Language Analyzers¶

The current repository now gets its default analyzers from first-party plugin packages:

Python through the extracted codira-analyzer-python first-party package
JSON through the extracted codira-analyzer-json first-party package for deterministic structured document families such as JSON Schema, package.json, and .releaserc.json
C for the first non-Python proof required by ADR-004, installed through the extracted codira-analyzer-c first-party package
Bash through the extracted codira-analyzer-bash first-party package

Current Analyzer Responsibilities¶

The Python analysis path currently performs:

module, class, and function extraction
import collection
static call-record extraction
callable-reference extraction
docstring validation integration

Today these responsibilities are concentrated in the analyzer packages and compatibility modules:

src/codira/parser_ast.py
src/codira/analyzers/python.py
src/codira/analyzers/json.py
src/codira/analyzers/c.py
packages/codira-analyzer-python/
packages/codira-analyzer-json/
packages/codira-analyzer-c/
packages/codira-analyzer-bash/
src/codira/indexer.py for analyzer routing only

Current Scope Boundary¶

scanner.iter_project_files() now derives discovery globs from the active analyzer set instead of relying on a hard-coded core tuple.

Each analyzer declares deterministic discovery_globs, and scanner discovery uses those globs for candidate discovery before confirming ownership through supports_path() for both:

Git-backed tracked-file discovery
filesystem fallback outside Git repositories

Phase 19 adds a second scanner path for canonical coverage auditing:

src/
tests/
scripts/

Tracked files under those directories are inspected for coverage even if no active analyzer claims them yet.

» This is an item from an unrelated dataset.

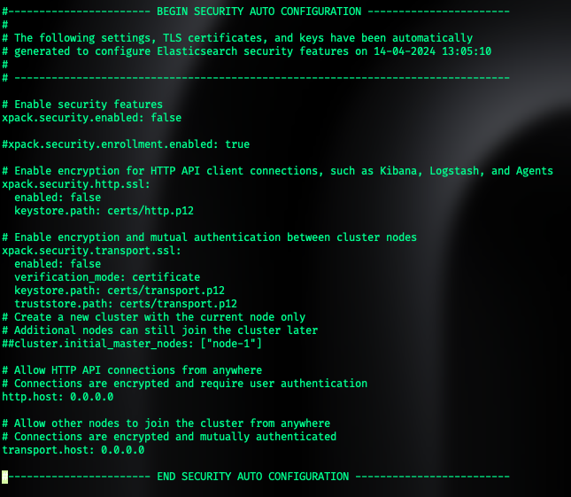 'vi /etc/elasticsearch/elasticsearch.yml'

The retrieval-capability migration does not currently widen analyzer responsibilities.

Analyzer packages still own:

language-specific parsing
normalized artifact extraction
durable symbol identity for indexed artifacts

They do not yet need to implement RetrievalProducer. Retrieval-facing capability metadata currently lives in shared query producer descriptors instead.

Accepted Migration Direction¶

ADR-004 expands this boundary by accepting:

multiple analyzers in one indexing run
mixed-language repositories as a first-class target
a future proof analyzer beyond Python, with C named as the preferred first validation target

Phase-6 Baseline¶

Phase 6 now extracts the current Python analysis path into src/codira/analyzers/python.py.

That module owns:

Python parsing through parser_ast.parse_file()
normalization into AnalysisResult
Python file acceptance through the LanguageAnalyzer contract

Phase-8 Registration Rules¶

Phase 8 moves analyzer registration into src/codira/registry.py.

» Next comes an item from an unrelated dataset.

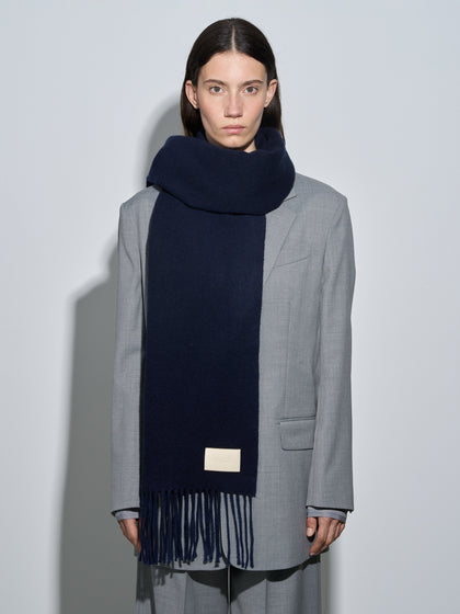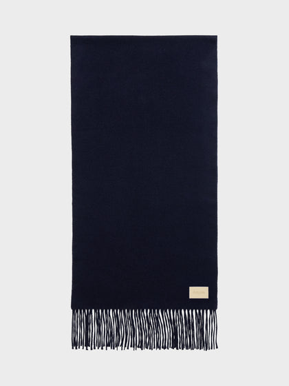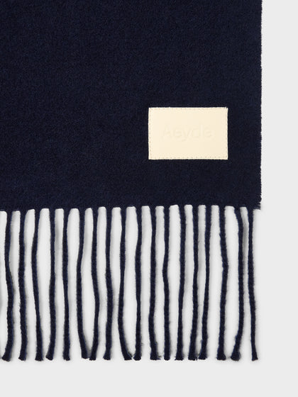 Bela is Aeyde's classic scarf, made from soft cashmere with fringe detailing and a brand-embossed leather label.

analyzers are instantiated from built-ins plus entry-point plugin discovery
registry order defines deterministic first-match routing order after scanner-side ownership filtering
an empty analyzer registry raises ValueError
extracted analyzers may be omitted when their plugin packages are not installed

Current JSON Family Boundary¶

The first-party JSON analyzer is intentionally family-based rather than generic.

Supported families:

JSON Schema documents
npm-style package.json manifests
semantic-release .releaserc.json configuration

Supported JSON symbols currently include:

schema definition names
schema property paths
package names
package script keys
package dependency names
semantic-release branch names
semantic-release plugin identifiers

Explicitly unsupported JSON inputs include:

lockfiles such as package-lock.json
VS Code workspace JSONC files under .vscode/
generic unclassified JSON blobs

This keeps JSON indexing deterministic and query-oriented without broadening support to arbitrary machine-generated artifacts.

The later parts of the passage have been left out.